The second part in terms of the labels also sheds a bit of light on another problem i’m having with the shape of the input based around different loss functions so will give me a solid place to start trying to unravel that too!

@KFrank ok - so the second point you made about the number of classes really helped me clear something up i was struggling with as i had wrongly put in a [‘class1’, ‘class 2’] rather than just ‘class1’ because of the background issue you mentioned.

I tried using pytorchs BCEWithLogitsLoss out the box however i was getting an error “expecting target data type as long but BCElosswithlogistic loss function expecting as float datatype”

To get around this, i tried to define my own loss function with a long data type, however i’m back at square one in terms of calculating pos_weight (though from a much more informed perspective which is great!).

I understand you said there isnt a magical right way to do this, but is there even any best practice / automated way to get this? I’ve got a folder with X images in and if each image has N pixels - some are 1, the only way I could see to do this is to turn each image into an array and then iterate over all the images in the folder to see how many 0s and how many 1s?
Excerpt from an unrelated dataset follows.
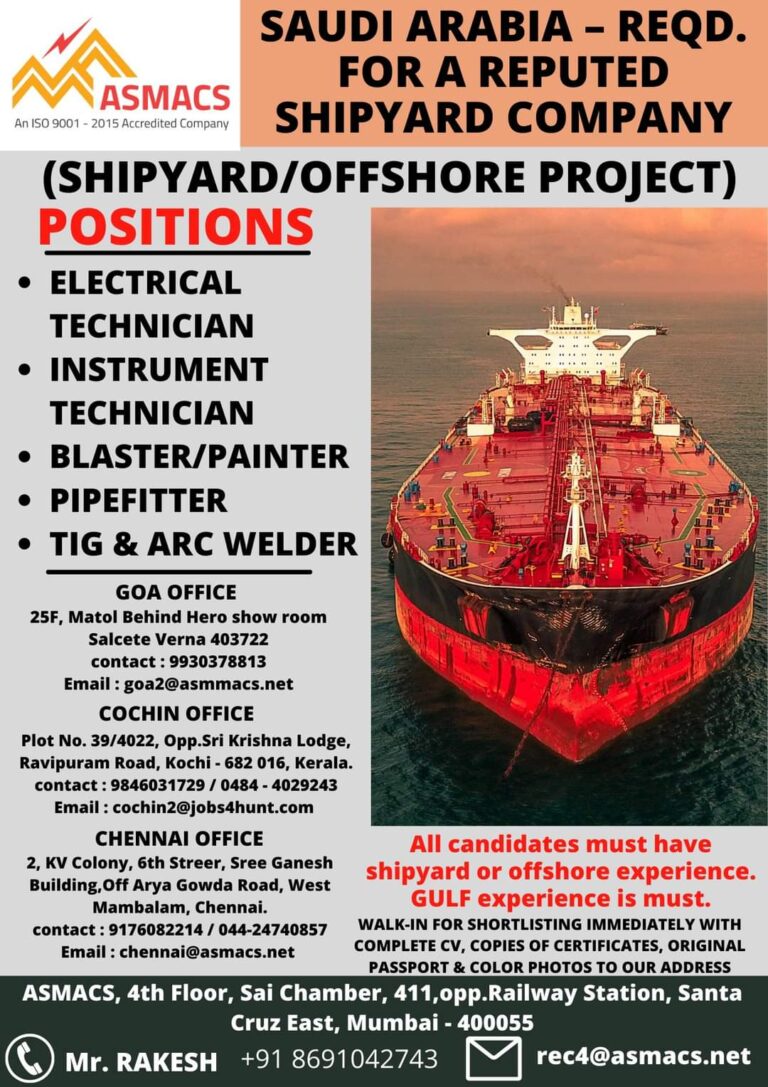 SAUDI ARABIA – REQD.FOR A REPUTEDASMACSSHIPYARD COMPANY(SHIPYARD/OFFSHORE PROJECT)POSITIONS• ELECTRICALTECHNICIAN• INSTRUMENTTECHNICIAN• BLASTER/PAINTER• PIPEFITTER• TIG & ARC WELDERSSLETOPSGOA OFFICE25F, Matol Behind Hero …
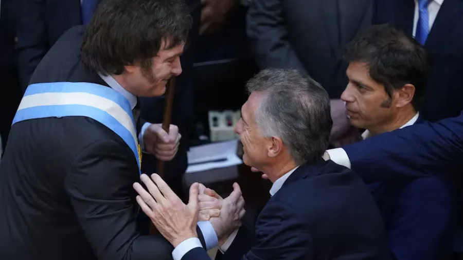 Mauricio Macri saluda a Javier Milei en su asunción presidencial, con Axel Kicillof a su derecha.

The error message you quote seems somewhat garbled. However,
I think your issue is this: BCEWithLogitsLoss expects a target of
type float, rather than a long. So convert your target tensor from
long to float.

(You can think of integer targets as being class labels: 0 means “no,”
and 1 means “yes.” But you can also understand them as probabilities: 0.0 mean 0% probability of being “yes” (thus, “no”), and 1.0 means
100% probability of being “yes” (thus “yes”). Unlike something like CrossEntropyLoss that requires its targets to be integer class labels, BCEWithLogitsLossdoes accept non-integer probabilities for its
targets. So you can have 0.15 (probably “no”) or 0.90 (probably
“yes”). This is a good thing, but in order to support this use case, BCEWithLogitsLoss requires floats for its targets, even if you are
only passing it 0.0s and 1.0s.)

Well, yes, at some point you have to count the 0s and 1s, at least for a
representative sample of your data.

If I were doing it, I would recognize that my pytorch code is somewhere
already converting those images into target tensors that consist of 0s
and 1s. Then target.mean() will give you the fraction of 1s in that
target tensor.

I have applied target.mean() as you recommended, to determine the fraction of 1s in the target tensor and it gave me very small values (0.2128, 0.099, 0.0421) for different tensors (images). I have used 0.2128 as the pos_weight. But, I could not notice any changes during the training process. Please, could you provide with some clarification?

You’re doing it backwards. You have fewer 1s than 0s, but by using 0.2128 for pos_weight you are further reducing the weight of the 1s
pixels in your loss function.

Let’s say that averaged over multiple images your fraction of 1s is
about 0.10. Then, approximately, you would want to use a value
of pos_weight of 1.0 / 0.10 = 10.0 to increase the weight of
the 1s.

More precisely (but we don’t need to be precise about the value of pos_weight), you would use pos_weight = (1.0 - 0.10) / 0.10.

Thank you very much for your continuous help. I have conducted some experiments passing a value to pos_weight as follows.

pos_weight = (1.0 - 0.2128) / 0.2128 = 3.69

However, the loss instead got higher. Please, what could be the reason?
From my understanding, target.mean() returns the fraction of 1s in the label. Given that my class of interest (foreground) is 1s, why is that the fraction of 1s cannot be directly passed to pos_weight?

Please, could anyone provide me with some clarification?